The doctor who promised this hope had a financial interest in the treatment they had fundraised so painstakingly to pay for, and hardly more than a passing interest in Charlie (whom he never travelled to the UK to examine, despite repeated offers from GOSH) until the media spotlight appeared.
The groups that surrounded them and offered them false comfort are the same groups that hold ‘vigils’ outside other hospitals, frightening women carrying foetuses with fatal abnormalities, carrying babies conceived in rape and carrying pregnancies they cannot bear. They are the same groups that hold up pictures of bloodied foetuses on street corners where women who have lost much more than they can understand will see them. They are the groups who believe any life, no matter how painful or torturous, is better than letting a person die with dignity.
Life is precious, but life is complex and it can be painful. In the case of Charlie Gard, these groups believe parents should have the final say, with the state staying out of it. But the same groups believe in courts telling women they do not have the right to make that decision for a child they haven’t yet given birth to. There are contradictions here that do not bear scrutiny.
There are children living with the most profound disabilities today who have been born and kept alive thanks to the miracle of medical science. They are miraculous. Their parents are too. Because while they struggle to keep their children healthy and living, they also battle for every service and every cent that does so.
I cannot count the number of fundraising campaigns I have covered as a journalist for a child to get lifesaving treatment, or for the most basic things to help them have some quality of life like a stability dog that allows them to walk, a suitable bathroom, a car their wheelchair can travel in or a special computer.

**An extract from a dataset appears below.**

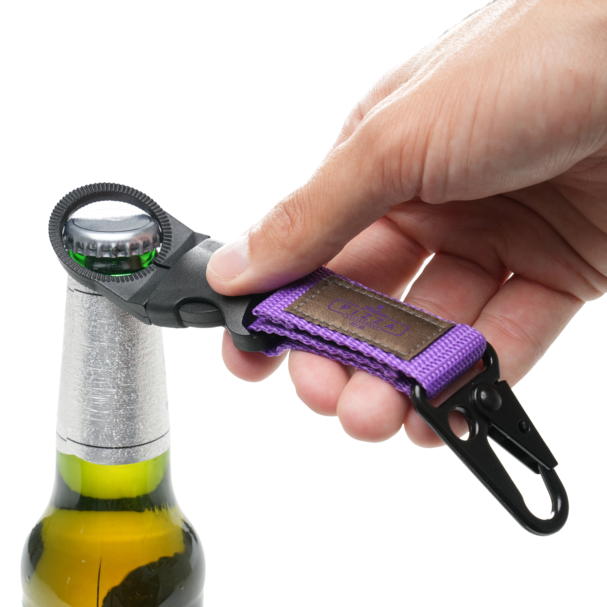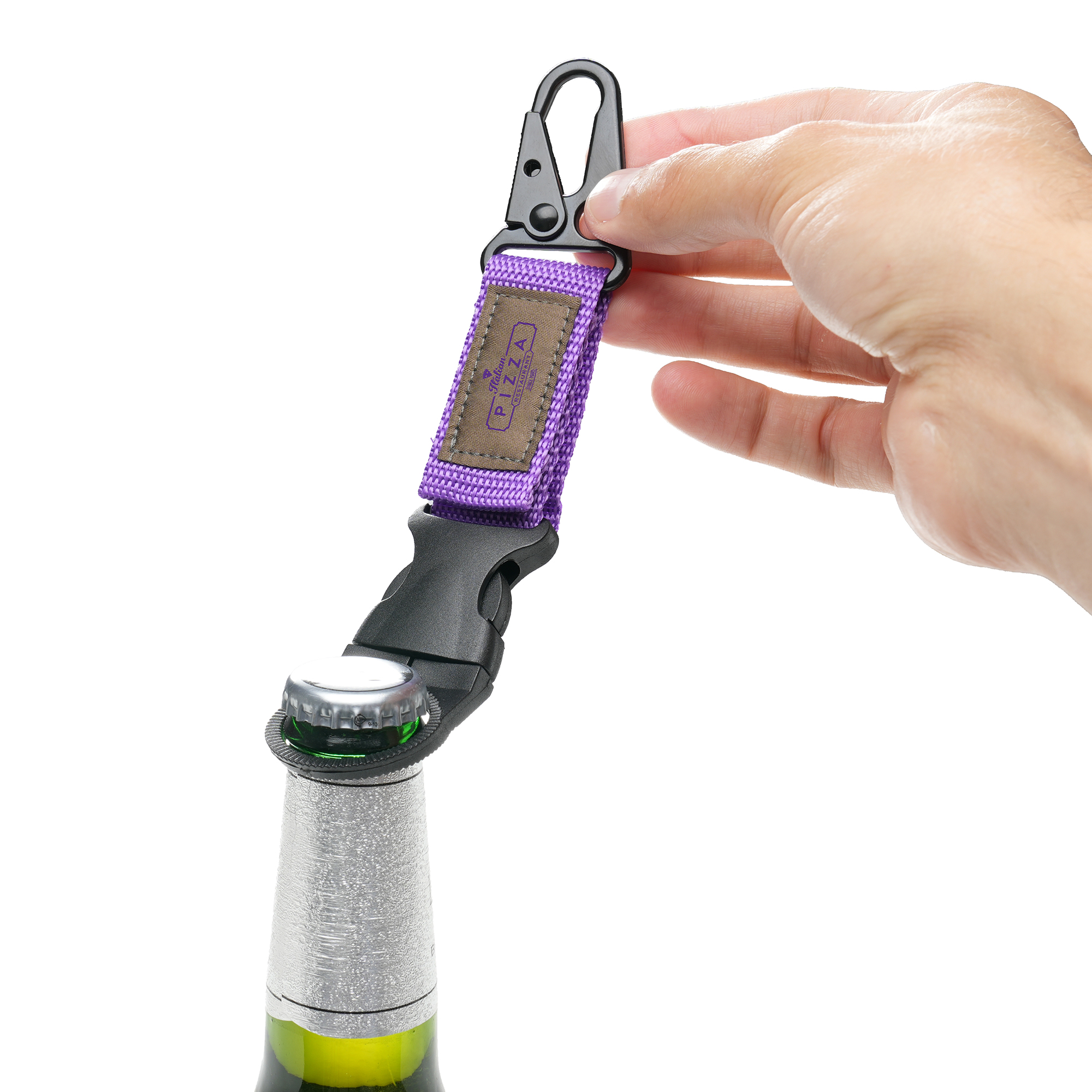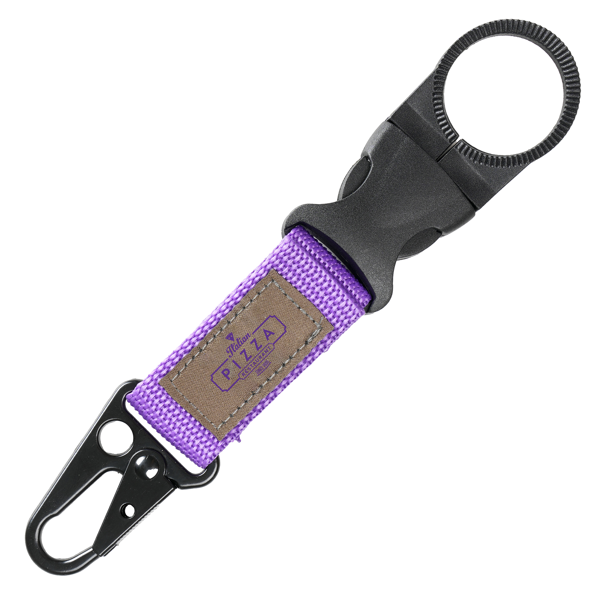 Heavy-duty metal carabiner with a durable polyester strap and bottle holder clip. Perfect for attaching to trousers, bags and more. 1-colour embroidered logo on patch.

I have interviewed elderly women who carry their disabled adult children down a flight of stairs every time they need to bring them to the toilet, mothers who cry every time they change a child’s nappy because their skin peels off and families who spend every spare moment frantically dreaming up novelty fundraising ideas so their precious child can have physio that will spare them immobility and pain.
And where, in those cases, are the pro-life groups? Where are their fundraising events for born children? Where are their support groups for children in terrible pain or families learning to cope with 24 hour care needs? Where are their respite centres for families who can’t manage the needs of a brain-damaged child 52 weeks of the year, or their lobby groups for better services for them?
They are busy using children like Charlie Gard to try and discredit doctors and nurses who carry out lifesaving work every single day, and training campaigners to sound reasonable on radio when they pick apart women who have had to make difficult decisions.
Charlie Gard’s parents could not have done more for him, but the incredibly difficult, stressful and public court battles took them away from him. This case should never have been a battleground for campaigners. It is a private tragedy for a couple who love their son, not a battle between good and evil. Real life is not black and white, and in a battle like this, there are no winners.